Собаки как-то странно сразу полюбили Игната. В огромные крепкозубые пасти он клал голые руки, и собаки только виляли хвостами, преданно глядели ему в глаза и ждали, когда он вынет.
— Хорошо с тобой воровать ходить, — искренне восхищался им в это время Иголкин. — Где собака на цепи, — ты ей счас руку: милая, жуй! Она и не пикнет. А товарищ твой — работу работай.
— Как это? — спрашивал Игнат.
— Так. На денежку — рак, на копеечку — два. Понял? — смеялся Иголкин.
— Без ума это ты говоришь, брат! — укорял его Игнат. — Как можно?
— Нельзя только на небо влезть, и то влезают.
— Правду найти нельзя, а не это! Вон чего нельзя-то: правду! Больно далеко спрятали, по-хозяйски, — спрятали да заперли, а ключ — в море… Клубок-то разматывать надо всем сообща, а ты его больше путаешь… — подступал Игнат.
— Мо-ло-дой! — смеялся над ним Иголкин. — Ну-ка: нос на меле, плес на руле, хвост в корабле, — что к чему?.. То-то что не знаешь, говорок… Чижик ты! — хлопал его по худой спине, и над Игнатом весело смеялись.

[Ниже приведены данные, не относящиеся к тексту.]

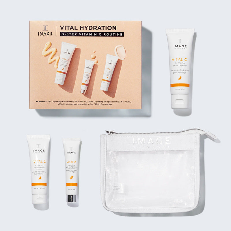 Discover bestsellers from our award-winning collection that has reached icon status with two products sold every minute. This powerful skincare routine hydrates, nourishes and brightens skin with multiple forms of vitamin C, antioxidants and hyaluronic acid. All formulas feature a light citrus scent that leaves the skin feeling refreshed and energized. The travel-friendly sizes come in a transparent cosmetic bag for healthy, glowing skin at home or away.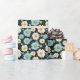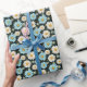 Das Umschlagpapier wird mit einem schönen blauen, dunklen Blumendruck gezeigt. Passen Sie dieses Objekt an oder kaufen Sie, wie es ist. Lizenzierte Printwerbung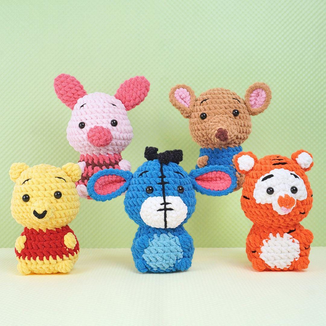 The Joyful Jungle Crew set includes five lovable charactersHoney Winnie, Buddy the Donkey, Cubby the Tiger, a pink piglet, and a brown kangaroo. Each character is meticulously detailed, featuring vibrant colors and cheerful expressions, perfect for creating a playful collection.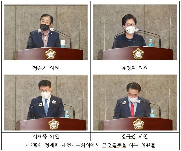 [시민일보 = 여영준 기자] 서울 금천구의회(의장 김용술) 정순기·윤영희·정재동·장규권 의원이 지난 22일 제238회 제1차 정례회 제2차 본회의에서 일괄질문 일괄답변 방식으로 구정 전반에 대한 질문을 했다.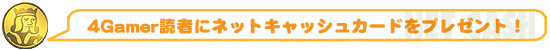 プレゼント内容は,通常のネットキャッシュカード(1000円分)とゲーム会社固有のスペシャルカード(非売品)の2枚セットだ。スペシャルカードの場合は,使用できるサイトが限定されるので注意。通常版のカードはネットキャッシュの加盟店すべてで共通に使用できる。また,スペシャルカードのゲームタイトルは指定できないので,どれが届くかは当たってからのお楽しみ! (プレミアものだけどヤフオクで売っちゃダメだぞ)。

— Что ж, смеяться легко, — говорил Игнат. — Легче всего на свете надо всем смеяться, только ни к чему это. Ною вон за сто двадцать лет до потопа повелено было ковчег строить. Смеялись все: зачем строит, а потоп как настал, только он один и спасся из всех, — а их сколько было!.. А кто смеялся — погибли позорной смертью; вон он к чему, смех, ведет!

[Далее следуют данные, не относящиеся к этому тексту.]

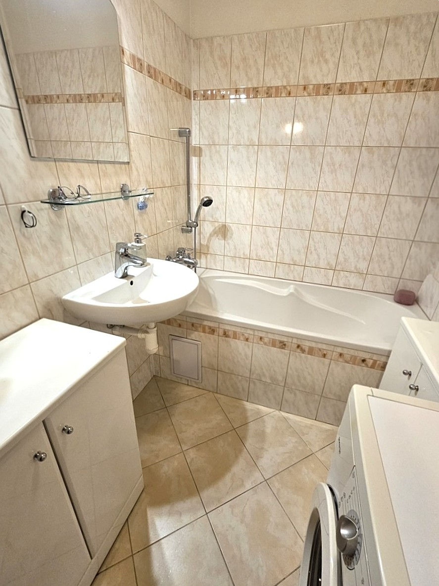 Byt je po rekonstrukci a má 2 pokoje neprůchozí. Je částečně zařízený nábytkem viz foto včetně mnoho úložného prostoru formou policových regálů, komod, vestavěných skříní a i prostorné komory s úložným prostorem, která je přímo v bytě. Kuchyně je vybavena plynovým sporákem, digestoří, lednicí s mrazákem, myčkou a mikrovlnnou troubou. V případě potřeby je možné si od stávajícího nájemníka odkoupit el. stolní troubu a psací stůl v ložnici. Koupelna je vybavena vanou, umývadlem, pračkou a 2 skříňkami. WC je zvlášť. Na podlaze jsou koberce, plovoucí podlaha a dlažba. Topení je ÚT. Parkování je možné v okolí domu.

Ознобишин заметил Игната, и Анна тоже. Анна пришла как-то на постройку одна, стала издали и смотрела. И видала, что Игнат и Иголкин ближе всех к ней стояли рядом, а когда повернулась она и пошла к дому, то слышала чутким ухом, как насмешливо о ней, тонкой, чуть понуро, сказал Иголкин:
— Кругла-а на все четыре угла!
И как остановил его Игнат шепотом:
— Брат! Что ты? Разве можно?
Анна не обернулась и пошла дальше, но потом почему-то долго думала об Иголкине, боясь его, и об Игнате грустно и нежно. И потом долго росли они в ней оба и, выросши, ушли каждый в свою череду: в черную ушел Иголкин, в белую — Игнат.

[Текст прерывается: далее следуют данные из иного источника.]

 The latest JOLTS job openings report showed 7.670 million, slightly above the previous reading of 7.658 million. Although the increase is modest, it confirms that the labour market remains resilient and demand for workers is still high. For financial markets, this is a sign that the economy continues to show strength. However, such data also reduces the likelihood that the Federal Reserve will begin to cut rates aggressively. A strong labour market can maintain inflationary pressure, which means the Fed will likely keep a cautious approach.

Не сливаясь, слоились в Анне эти две череды: добрая и злая. В доброй — белой — роились, странно сочетаясь одна с другой, набранные отовсюду, как пчелиные соты с разных цветов, надежды.
Надежды эти были бескрылые, мягкие, робкие, надломленные, но безумно, безвыходно дорогие, и чем меньше их было, тем они были важнее и заметней. Как-то все они были на счету, как-то всех их видно было со всех сторон, и Анна часто задумчиво перебирала их, точно монахиня четки, и в этом много было для нее тихой, ото всех на свете таящейся радости. А черного была сплошная туча, и глядеть в глаза этой туче боялась Анна. Но носила в себе и ее, всю из конца в конец цельно скованную из одной спокойной власти. И только когда прибавлялось к ней, как теперь, новое звено, на Анну спускалась жуткая сосущая тоска. Объяснить, почему это, не могла Анна; она металась, чего-то ища по комнатам, по аллеям и узеньким глухим дорожкам в саду, на дворе, между цветочными клумбами, и с трудом понимала то, что ей говорили муж или Маша.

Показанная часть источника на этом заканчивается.